One limitation of the study was that the lack of provision of a standard meal the night before the acute measurement to metabolically stabilize our study participants may have confounded our study outcomes. Previous studies suggest a residual effect from dinner meals may impact the next morning glucose profile [68
] particularly with high fiber intake. Another limitation was the fact that we could not match sugar, MUFA, PUFA, and total fat, across normal vs. the high breakfast treatment meals although these nutrients may influence our results.

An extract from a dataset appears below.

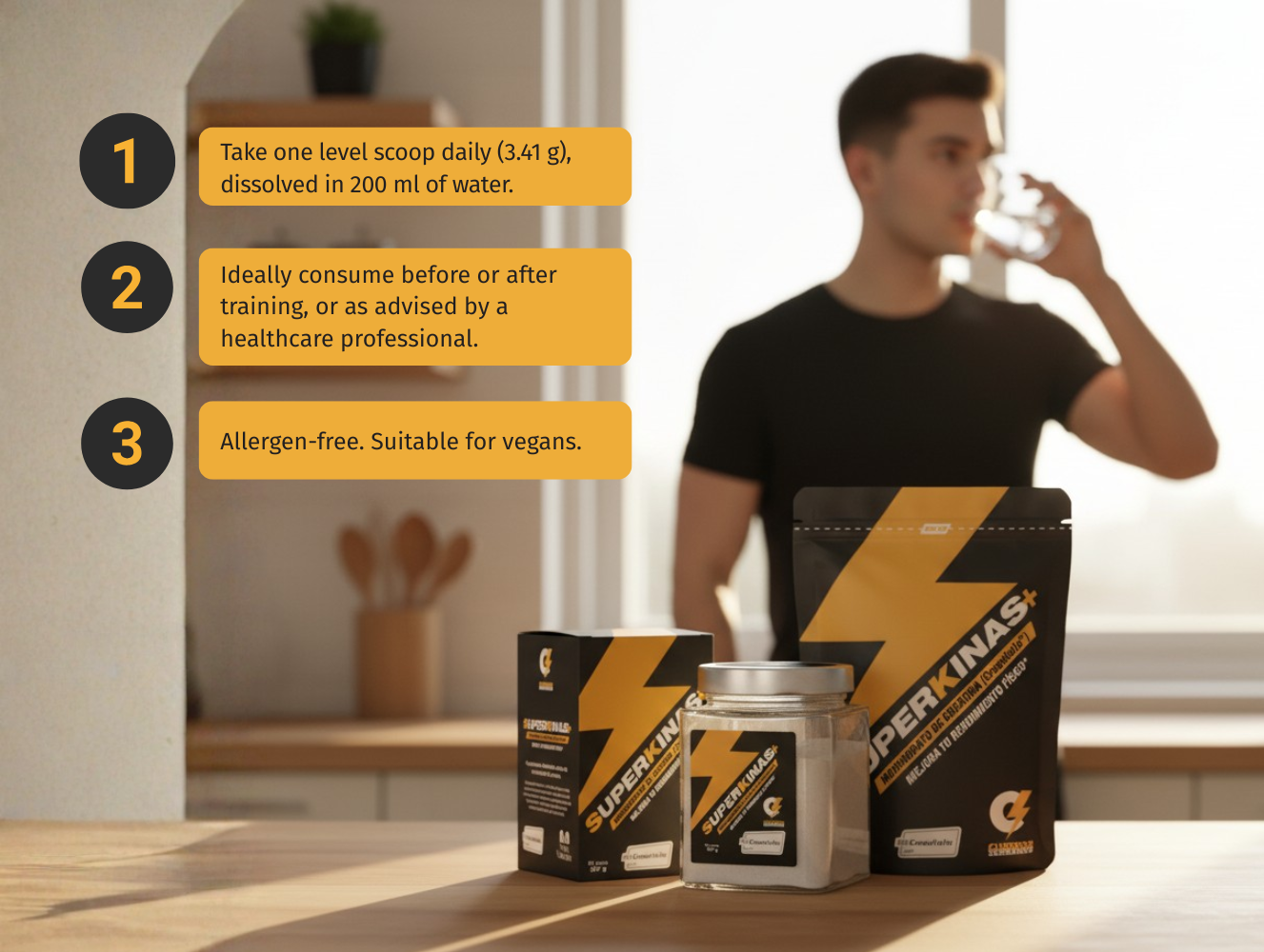 This isn’t just another product; it’s the result of our work with patients and with the community who follow and trust us. Superkinas+ was created with a clear commitment: to support women and men who want to build strength, energy and long-term health at any stage of life.

However, the magnitude of the differences in the amounts of the afore-mentioned nutrients between the normal vs. high protein and fiber breakfast treatments where not numerically substantial. Lastly, our study findings are only generalizable to overweight young adults. A strength of this study is that both researchers and study participants were blinded to the study dietary treatment. This potentially eliminates any biases with our dietary manipulation that may influence our study outcomes. Another strength is that the 2-week dietary acclimation period before our postprandial responses were assessed allowed us to determine the prolonged effects of consumption of protein and fiber breakfasts beyond a single meal.